Tapi kini, wanita itu tidak mampu berbuat apa-apa untuk membantu sang anak. Sebab, mengenal sosok Celine yang selalu Kievara ceritakan itu saja tidak, lantas bagaimana caranya bisa menghubunginya?

"Kiev mau ketemu Celine, ya, sayang? Kalau gitu harus cepat sembuh ya...". Ucap sang Mami lembut, mencoba mengajak anak lelakinya itu berbicara.

Kening Kievara berkerut seketika, alisnya ikut saling menaut. Dengan perlahan, Maminya mengelus lembut dada Kievara, berupaya menenangkan gelisah yang terus tercipta disana. Ikatan batin itu begitu nyata, membuat keduanya bisa merasakan apa yang tidak bisa terucap. Dan bagai sihir, sentuhan perlahan itu berhasil mengantarkan Kievara hingga tenang dan tak lagi meracau.

Detik selanjutnya, dengkuran halus mulai terdengar, membuat sang Mami bernafas lega. Dari luar, suara ketukan lain terdengar, membuat wanita yang masih berjaga di kasur Kievara menoleh.

"Gimana keadaannya, Mi?". Ucap Papi Kievara dari balik pintu, yang selanjutnya berjalan masuk perlahan, takut membangunkan sang anak. "Papi langsung buru-buru cari flight begitu dengar. Takut Kiev kenapa-kenapa. Apa kata dokter?".

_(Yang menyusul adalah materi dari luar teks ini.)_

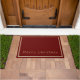 Tapis de porte avec un arrière - plan rouge bordeaux, argenté et doré, encadrant le tapis de porte et l'expression "Joyeux Noël" dans un texte optimisé en or près du fond du mat. Customisez cet objet ou achetez tel quel.

"Kiev kena tifus, Pi, lambungnya juga ada luka. Katanya dia kecapekan banget, terus makannya juga gak teratur sampai lambungnya luka. Tadi, dokter suggest untuk dirawat di rumah sakit, tapi Kievara sempat bangun dan seperti nolak. Jadi, Mami putusin untuk dipasang infus dulu sementara dan perlengkapan seadanya disini. Nanti kalau gak ada perkembangan, baru dirawat inap". Balas sang Mami dengan tatapan sendu, menatap kearah anak mereka.

Lelaki yang berdiri di samping kasur Kievara itu menghela nafasnya. Selanjutnya, Papi Kievara memutuskan untuk memeluk sang istri, sebab mengetahui betul betapa kuatnya ikatan batin antara dua manusia di hadapannya. "Ya sudah, gak apa. Kita jagain bareng ya, Mi. Mami jangan kecapekan".

"Kerjaan Papi gimana?". Balas sang wanita bingung.

Papi Kievara menggeleng. "Kievara lebih penting dari pada itu semua. Bisa Papi urus nanti waktu dia sudah sembuh. Sudah, Mami gak usah pikirin itu".

Pada akhirnya, sang wanita mengangguk. Keduanya masih terus saling memeluk, menguatkan satu sama lain untuk anak mereka. Bukan hal yang berlebihan memang, sebab selama ini, selama mereka hidup di dunia, Kievara memang selalu menjadi anak lelaki mereka yang ceria dan jarang sakit sampai seperti ini.

Baru kali ini, Kievara sampai tergeletak tak berdaya di kasur, kehilangan nyaris seluruh tenaganya untuk sekedar membuka mata.